• [WHAT THE TASK ASKS]:
Please give the lines below again exactly as they stand, from the one that contains "Beldray Large Collapsible" up to and including the one that contains "Gör rengöringsprocessen snabbare", leaving all pictures out.

• [STUDY MATERIAL]:
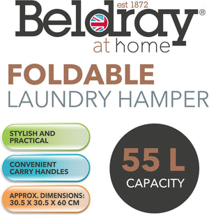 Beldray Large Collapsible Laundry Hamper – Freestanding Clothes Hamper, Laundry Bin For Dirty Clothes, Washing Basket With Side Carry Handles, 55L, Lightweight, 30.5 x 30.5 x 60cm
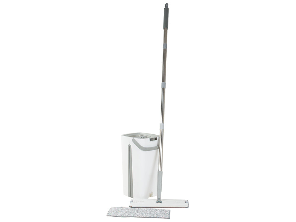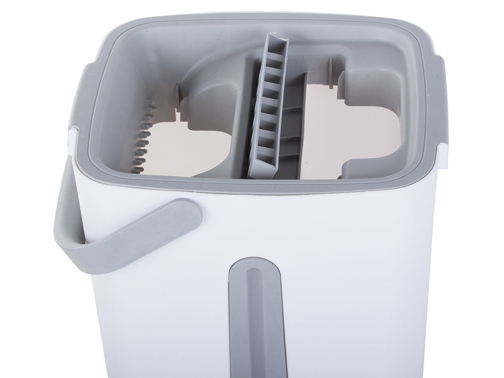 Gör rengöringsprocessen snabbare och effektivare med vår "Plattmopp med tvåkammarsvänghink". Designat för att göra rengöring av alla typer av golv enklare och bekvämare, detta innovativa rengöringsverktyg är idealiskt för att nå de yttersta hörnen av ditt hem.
...
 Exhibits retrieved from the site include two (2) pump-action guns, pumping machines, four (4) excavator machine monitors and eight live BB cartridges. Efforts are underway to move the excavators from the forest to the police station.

• [RESULT]:
 Beldray Large Collapsible Laundry Hamper – Freestanding Clothes Hamper, Laundry Bin For Dirty Clothes, Washing Basket With Side Carry Handles, 55L, Lightweight, 30.5 x 30.5 x 60cm
 Gör rengöringsprocessen snabbare och effektivare med vår "Plattmopp med tvåkammarsvänghink". Designat för att göra rengöring av alla typer av golv enklare och bekvämare, detta innovativa rengöringsverktyg är idealiskt för att nå de yttersta hörnen av ditt hem.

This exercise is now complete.